Phone Number: 206-987-2216

 

Reference Range

 

Specimen Type Normal Range (nmol/17 hr/mg protein)

WBC

100-395

 

 

Methodology

Method: Spectrophotometry

Analytical Volume:

Limitations:

CPT Codes

82657

Requisition

Biochemical Genetics Requisiton

 

On the requisition include clinical information needed for appropriate interpretation. (Age, gender, drug therapy and family history)

Clinical Utility

Metachromatic leukodystrophy

Metachromatic leukodystrophy (MLD) is an autosomal recessive inherited disorder in which the desulfation of 3-0-sulfogalactosyl-containing glycolipids by arylsulfatase A (ASA) is defective.
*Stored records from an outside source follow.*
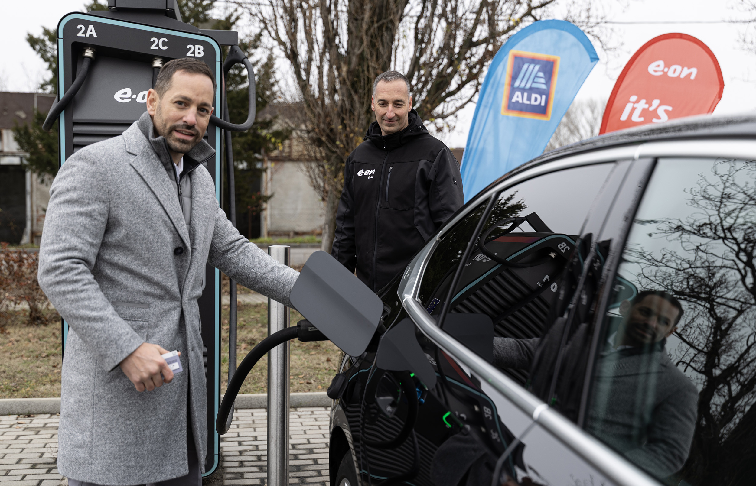 Képaláírás: Boros Péter, az E.ON Drive Infrastructure Hungary ügyvezető igazgatója és Bernhard Haider, az ALDI Magyarország Élelmiszer Bt. országos ügyvezető igazgatója átadják az Érd, Sulák utca 2. szám alatti ALDI áruház újabb e-töltőjét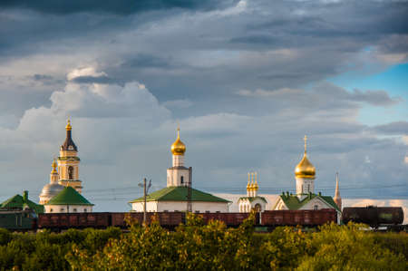 Orthodox church complex in Zavidovo on a September day. Tver region, Russia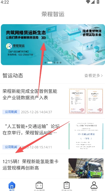 2、首页的智运动态资讯栏目,为广大用户提供了大量货运物流服务相关资讯,点击内容区域即可查看详情。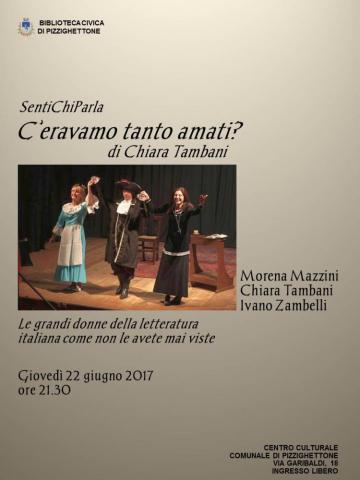 La pièce, scritta da Chiara Tambani e interpretata dai membri della compagnia SentiChiParla (Morena Mazzini, Chiara Tambani e Ivano Zambelli), è una divertente parodia dei grandi amori narrati nella letteratura italiana. Protagoniste sono quattro donne, rese immortali da altrettanti scrittori, che daranno al pubblico la loro versione di fatti universalmente noti. Scopriremo così, fra le altre cose, che a Beatrice sta un po’ stretta la definizione di “tanto gentile e tanto onesta”, che Francesca da Rimini non si trova così male all’Inferno e che la Monaca di Monza si è impegnata a risolvere una crisi coniugale tra Renzo e Lucia.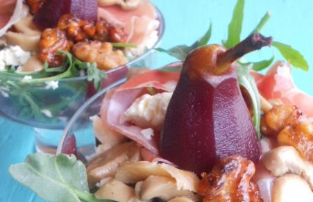 Ensalada de pera confitada, nueces caramelizadas, queso azul y jamón ibérico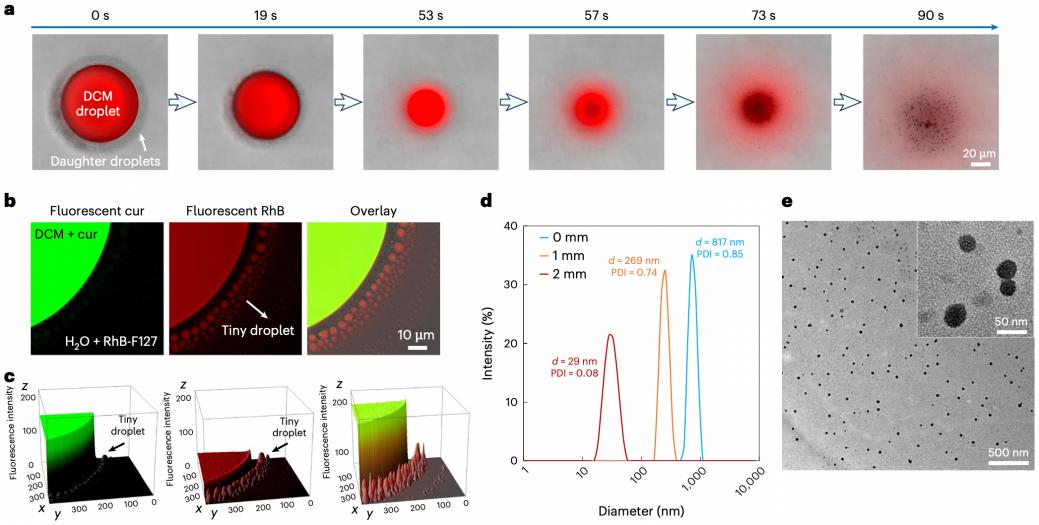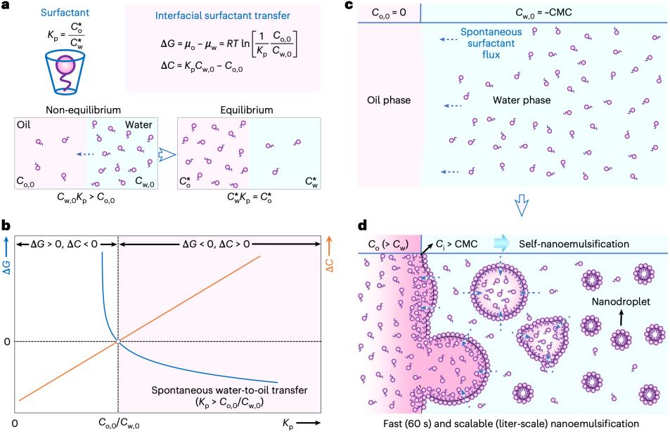 团队研究发现,在油水相体系中处于非平衡分配状态的表面活性剂分子会自发进行快速相际传质,从而诱导界面不稳定性、导致自发纳米乳化现象。通过深入研究表面活性剂分配特性、界面活性和分子结构等对该纳米乳化分散的调控规律,团队实现了每分钟5升均一纳米乳液的快速可控制备。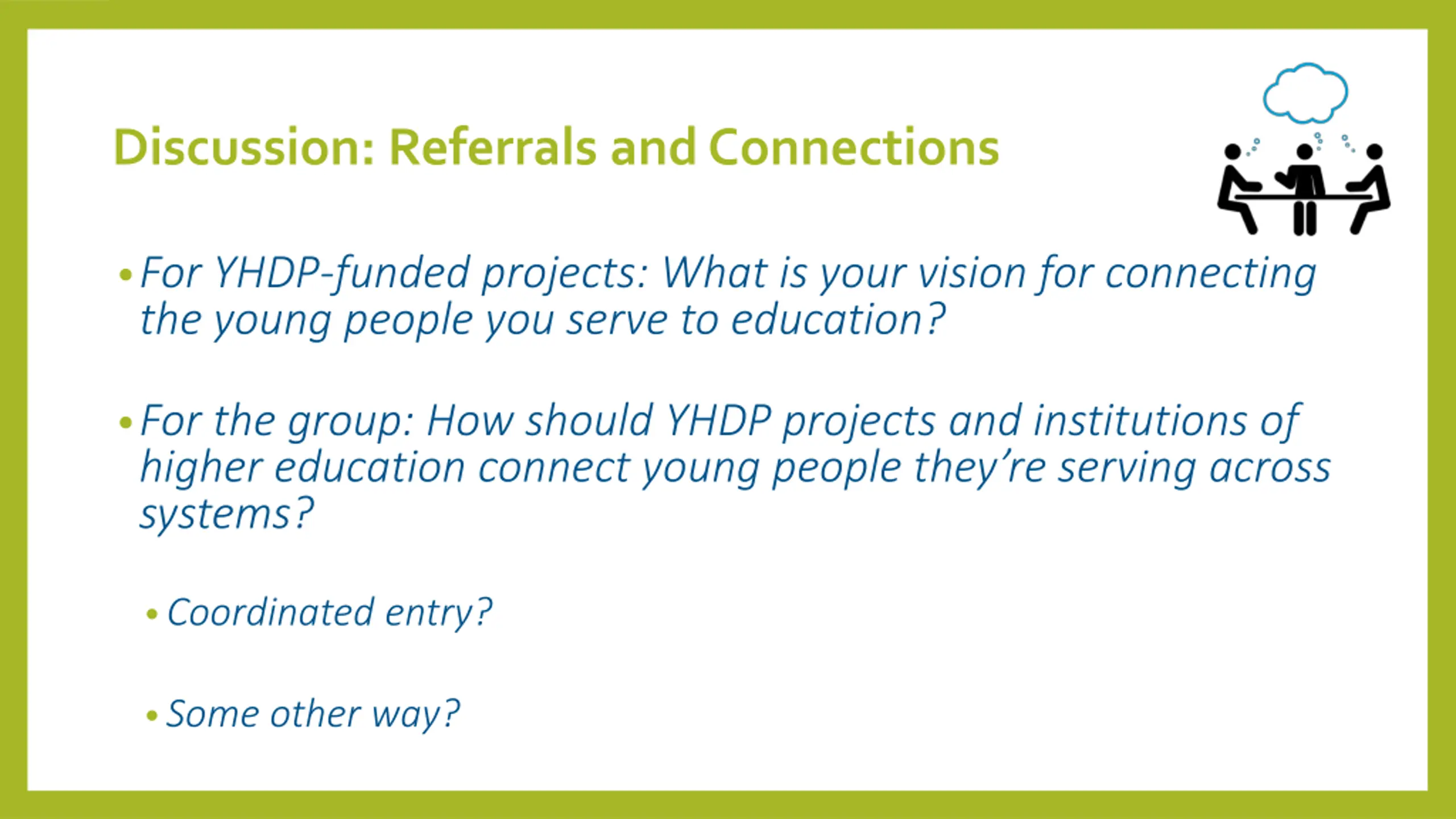 Discussion: Referrals and Connections For YHDP-funded projects: What is your vision for connecting the young people you serve to education? For the group: How should YHDP projects and institutions of higher education connect young people they re serving across systems? Coordinated entry? Some other way?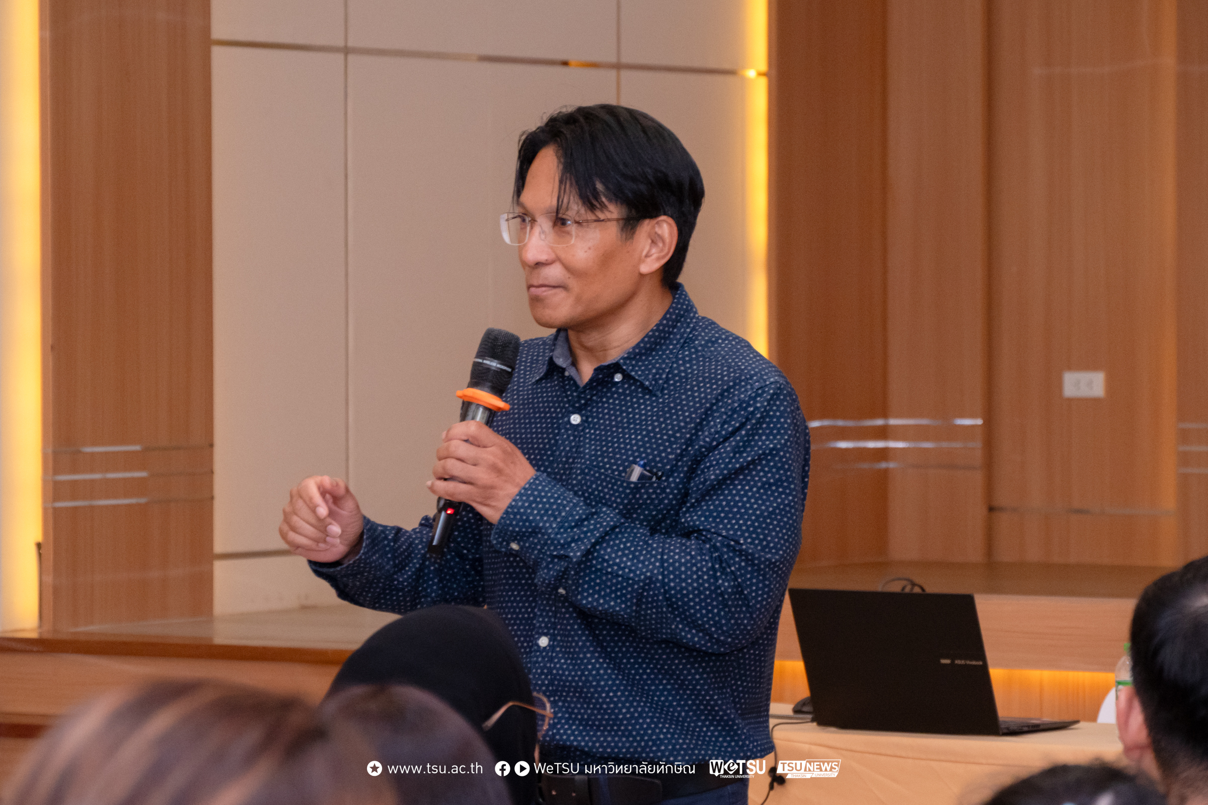 รองศาสตราจารย์ ดร.ณฐพงศ์ จิตรนิรัตน์ อธิการบดีมหาวิทยาลัยทักษิณ ได้กล่าวถึง “12 คานงัดแห่งการเติบโต” ซึ่งเป็นแนวทางสำคัญในการพัฒนาและขับเคลื่อนองค์กร สู่เป้าหมายของการเป็น “มหาวิทยาลัยนวัตกรรมสังคมระดับแนวหน้าของประเทศ ภายในปี 2570” ในการบรรยายหัวข้อ “ร่วมสร้างอนาคตมหาวิทยาลัยทักษิณ”

The clinical onset and severity of MLD is variable. The late infantile form typically presents in the second year of life, the juvenile form presents between age 4 and puberty, and the adult form may present at any age after puberty. Gait disturbance and mental regression are the earliest signs. Depending on the variant, other symptoms include blindness, seizures, and behavioral disturbances. Diagnosis of MLD is complicated by the fact that significant reduction of ASA activity may not prove MLD and that its presence does not exclude it. Significant reduction of ASA activity is observed in individuals homozygous for the pseudodeficiency allele. Normal ASA activity is observed in MLD patients with a deficiency of saposin B. Residual activity  can be detected in patients with late infantile MLD. Arylsulfatase B should always be measured if ASA is deficient.

 

Multiple sulfatase deficiency

Multiple sulfatase deficiency (MSD) is a rare autosomal recessive disorder characterized by the deficiencies of all 12 known sulfatases and leading to a clinical presentation that generally resembles late infantile MLD. Biochemical confirmation is made by reduced activity of both arylsulfatase A and B.